_RECORDED DATA_:
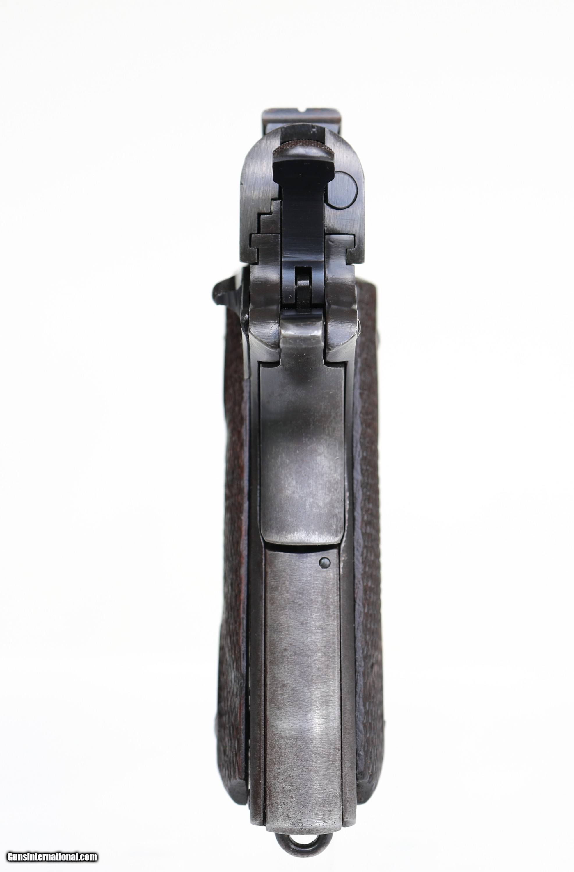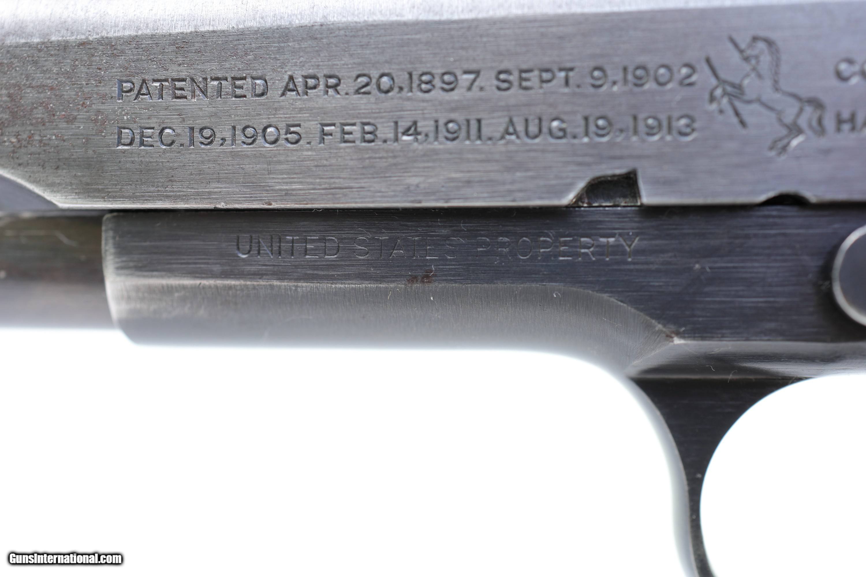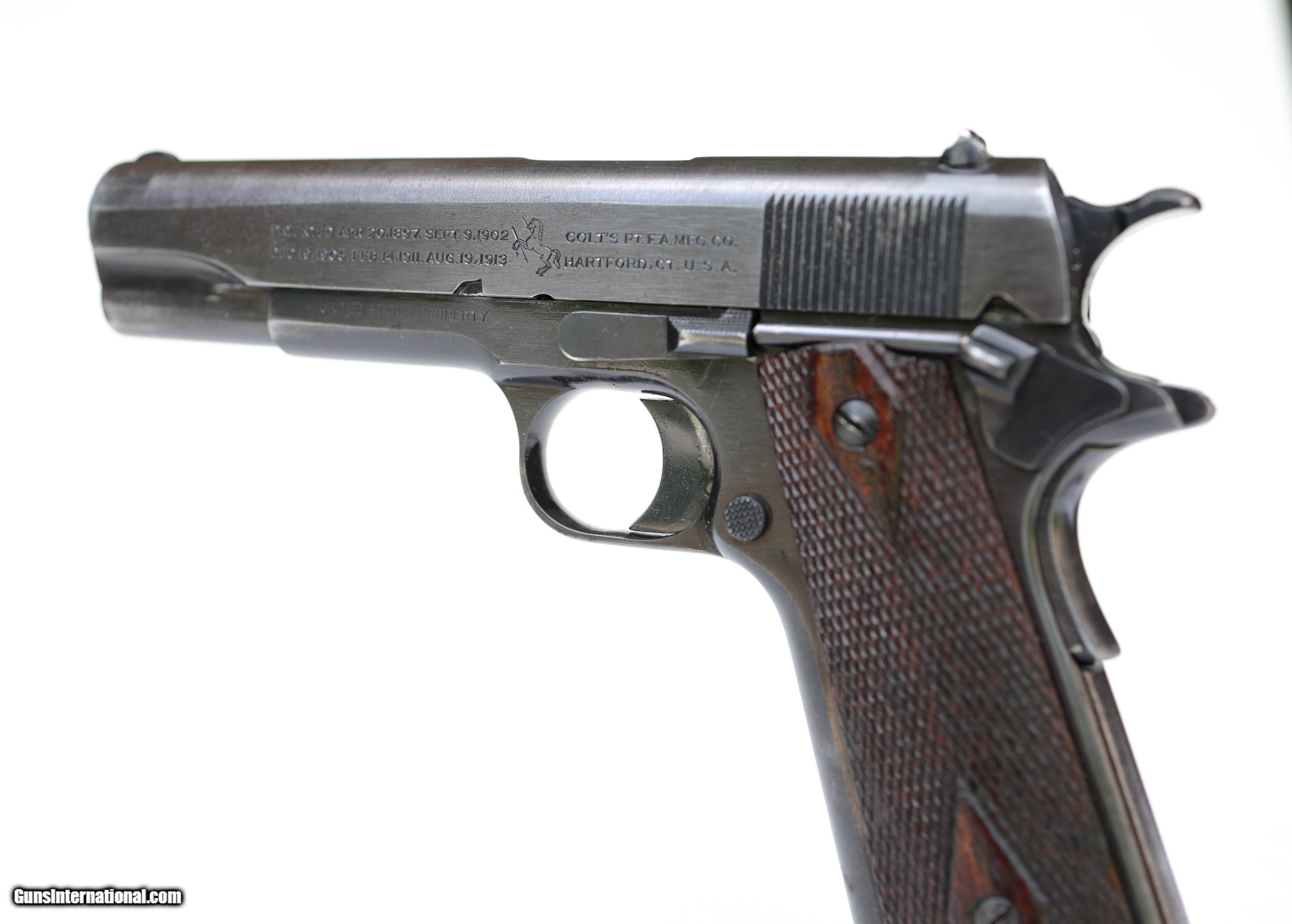 Description: Edited 9/17/23 Price reduced. Extra mags and mag pouch not included. For sale is a very nice Colt M1911 made in mid 1918, s/n 321654. This pistol appears to be all original except for the slide stop which is Springfield. Original blued finish rates about 80%. Finish on the front and back grip straps is worn to a grey patina. There is a spot on the right side of the slide by the spring plug, and some mild discoloration around the lanyard loop. There is a trace of peppering on the left front top of the slide and some minor discoloration on the frame under the grips. Overall condition rates good. Slide has period correct Colt roll stamp, H mark, and early disconnector recess. Eagle’s head proof on the frame. Wear marks on slide and frame match. Barrel is marked H P on the barrel hood and 5 on the bottom in front of the lugs. Wear marks on the slide face, barrel lug, and breach match which indicates that the barrel is original to the gun. Bore is good. Lands are clean, grooves are a little gray. Recoil spring is the early long type with 32¾ coils. Long smooth wide hammer, checkered slide stop and thumb safety. Small parts retain nearly all of the original finish. Short grip safety. Early front sight. Rear sight is early U notch. Walnut grips are in good shape and appear original. Comes with two-toned, Colt pinned base, unmarked magazine. This is a very nice original Colt M1911 pistol from 1918. $2500 shipped insured to FFL 01. Add $50 for shipment to FFL 03. Payment by cashier’s check, postal money order, Visa, Mastercard, or personal check with shipment after check clearance. Add 4% for credit card payment. Kansas residents add 9.7% sales tax. Offered with three day non-firing return. Buyer pays return shipping. Sorry, no international sales. By purchasing this firearm, buyer acknowledges, accepts and agrees to the following terms of sale: Terms of Sale I. Credit card purchases add 4%. II. State and Local Laws It is the responsibility of the buyer to know and respect the state and local laws where you reside. Firearms laws for each state can be found here: ://atf.gov/firearms/state-laws-and-published-ordinances-firearms-34th-edition III. Waiver of Liability By on and purchasing this item, buyer/ acknowledges and agrees to this waiver of liability and hold harmless clause, and accepts as a term of sale. 1. RELEASE, WAIVE, DISCHARGE AND COVENANT NOT TO SUE, Kansas Military Firearms LLC, Olathe, KS, its principal, or employees (hereinafter referred to as RELEASEES) from any and all liability, claims, demands, actions and causes of action whatsoever arising out of or related to any loss, damage, or injury, including death, that may be sustained by Buyer/, or any of the property belonging to buyer/, WHETHER CAUSED BY THE NEGLIGENCE OF THE RELEASEES, or otherwise, while participating in such use. 2. Buyer/ acknowledges havingon and purchased a used firearm. Buyer/ is fully aware of the potential risks involved and hazards connected with any kind of use of such firearm, and buyer/ agrees to have said firearm examined by a competent gunsmith before attempting to fire or in any way use said firearm. Buyer/ VOLUNTARILY ASSUMES FULL RESPONSIBILITY FOR ANY RISKS OF LOSS, PROPERTY DAMAGE OR PERSONAL INJURY, INCLUDING DEATH, which may be sustained by buyer/, or any loss or damage of property owned by buyer/, as a result of any kind of use of this firearm, WHETHER CAUSED BY THE NEGLIGENCE OF RELEASEES OR OTHERWISE. 3. Buyer/ hereby AGREES TO INDEMNIFY AND HOLD HARMLESS the RELEASEES from any loss, liability, damage or costs, including court costs and attorney fees, that may incur due to use of said firearm by buyer/, WHETHER CAUSED BY NEGLIGENCE OF RELEASEES or otherwise. 4. It is the express intent of buyer/ that this Waiver of Liability and Hold Harmless Agreement shall bind the members of buyer/'s family and spouse, if buyer/ is alive, and buyer/'s heirs, assigns and personal representative, if buyer/ is deceased, and shall be deemed as a RELEASE, WAIVER, DISCHARGE AND COVENANT NOT TO USE SUE the above-named RELEASEES. I hereby further agree that this Waiver of Liability and Hold Harmless Agreement shall be construed in accordance with the laws of the State of Kansas and specifically, Johnson County. IV. Return Policy This item is sold with a three day non-firing return. Three day period begins with receipt at /buyer's designated delivery address. Disassembly is allowed. Buyer pays return shipping. Discharge of this firearm i.e. shooting, and/or damage of any kind including but not limited to scratches, take down marks, dents, etc. caused by but not limited to buyer, buyer's friends, relatives, or associates, and not readily identifiable in listing photos voids return, as does substitution or removal of any part whatsoever. V. Shipping and Insurance Shipping cost does not include insurance unless specifically stated. We strongly advise insuring your purchase for a minimum of the purchase price. In the case of a firearm lost or damaged in shipment, buyer/ is responsible for retaining all packaging, obtaining pictures of damaged item and packaging, and for notification of loss or damage to Kansas Military Firearms LLC within 48 hours of receipt or intended delivery time at buyer/'s designated delivery address. Filing and administering any and all claims with the delivering carrier is the responsibility of buyer/. Kansas Military Firearms LLC will promptly assist buyer/ with said claim to the very best of our ability. SOLD Curio/Relic: Yes Handgun Caliber: .45 ACP (.45 Auto) |
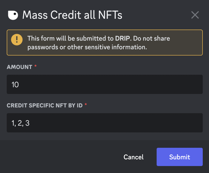 To credit specific NFTs, use theCredit list of NFTs button. Once you have clicked on the button, you will get a form where you have to enter the number of points you want to credit and all the ids of the NFTs, separated by a comma.
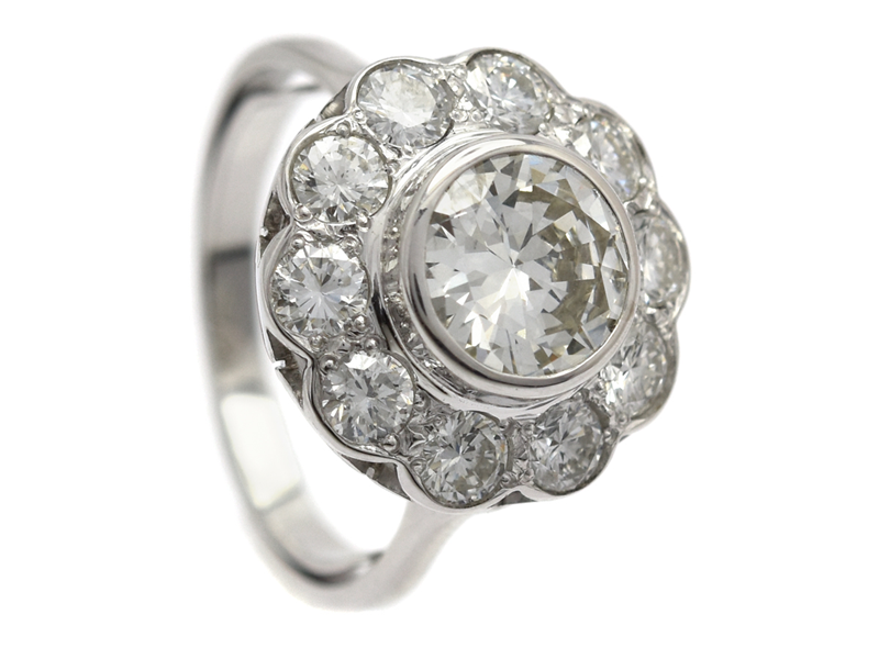 RING, 18K vitguld, briljant ca 1,80 ct, ca Cr(J)/SI1, 10 briljanter ca 1,60 ctv, ca TW-W/SI, stl 18,25 mm, vikt 6,8 g, storleksminskad via extra ringskena, mittsten med planslipad kulett samt aningen kortare lägre rondistfasetter.

_TO DO_: Repeat the line containing "To credit specific" and every line after it up to the end of the material above, exactly as they stand, minus the pictures.

_TASK RESPONSE_:
 To credit specific NFTs, use theCredit list of NFTs button. Once you have clicked on the button, you will get a form where you have to enter the number of points you want to credit and all the ids of the NFTs, separated by a comma.
 RING, 18K vitguld, briljant ca 1,80 ct, ca Cr(J)/SI1, 10 briljanter ca 1,60 ctv, ca TW-W/SI, stl 18,25 mm, vikt 6,8 g, storleksminskad via extra ringskena, mittsten med planslipad kulett samt aningen kortare lägre rondistfasetter.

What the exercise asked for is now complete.